On Guillemin and Pollack's Differential Topology Page 100.

Let $f: X \to Y$ be a smooth map with $f \pitchfork Z$ and $\partial f \pitchfork Z$, where $X,Y,Z$ are oriented and the last two are boundaryless. We define a preimage orientation on the manifold-with-boundary $S = f^{-1}(Z).$

But it never explicitly said what is preimage orientation. Is it $df_xN_x(S;X)$, where $N_x(S; X)$ be the orthogonal complement to $T_x(S)$ in $T_x(X)$?

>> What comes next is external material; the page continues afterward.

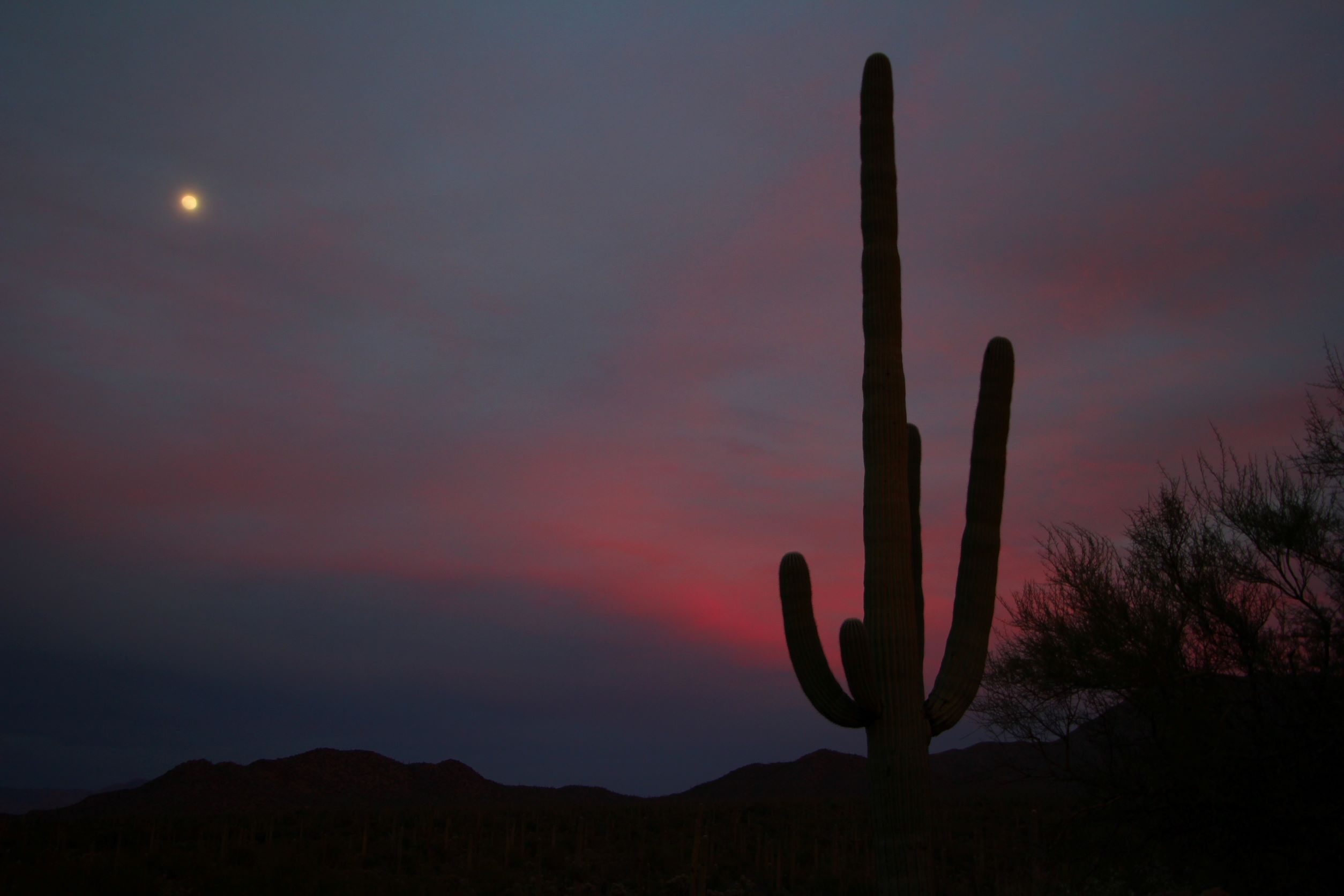 We ended up witnessing a fantastic sunset – bright reds, oranges and golds that smeared across the sky in every direction, including behind us. A few other people joined us on Signal Hill for the show, but Brian really wanted to see if he could find a saguaro to profile in the setting sun so we set off along the Desert Winds Trail.

Assume so, take the reflection map as an example. Consider $f: \mathbb{R} \to \mathbb{R}: f(x) = -x$, and let $Z = \{1\}.$ Hence $f$ is smooth with $f \pitchfork Z$ and $\partial f \pitchfork Z$, where $X,Y,Z$ are oriented, $Y$ is boundaryless, and grant $Z$ is boundaryless as well (see Is a single point boundaryless?).

Then the preimage orientation will be determined by $$df_xN_x(S;X) \oplus T_z(Z) = T_z(Y).$$

$T_z(Y)$ is just $\mathbb{R}$ with canonical orientation $+1$. Then what is the orientation of $T_z(Z)$? And how do they determine the orientation of $df_xN_x(S;X)$?

Very confused, thanks for your help!!

Answer 1

$T_z(Z)$ already has an orientation by hypothesis and the orientation of $df_x N_x(S;X)$ has the product orientation since the orientation of $T_z (Y)$ is also known.

Answer 2

One can make explicit Guillemin-Pollack definition of the orientation of a transversal inverse image. Let $x\in S$, then transversality says $T_xS=(d_xf)^{-1}(Z)$ and for any decomposition $T_xS\oplus E=T_xX$ (this $E$ could be the othogonal complement), the restriction $d_xf:E\to T_{f(x)}Y$ is injective, so induces an isomorphism onto its image $F=d_xf(E)$ and counting dimensions $T_{f(x)}Z\oplus F=T_{f(x)}Y$. Now we start with orientations in $X,Y$ and $Z$ to define one in $S$. Pick a positive basis $\{v_i\}$ of $T_{f(x)}Z$ and extend to a positive basis $\{v_i,w_j\}$ of $T_{f(x)}Y$, where $\{w_j\}$ is a basis of $F$. This determines uniquely a basis $\{\overline w_j\}$ of $E$ with $d_xf(\overline w_j)=w_j$. Now by definition, a basis $\{u_k\}$ of $T_xS$ is positive when $\{u_k,\overline w_j\}$ is a positive basis of $T_xX$.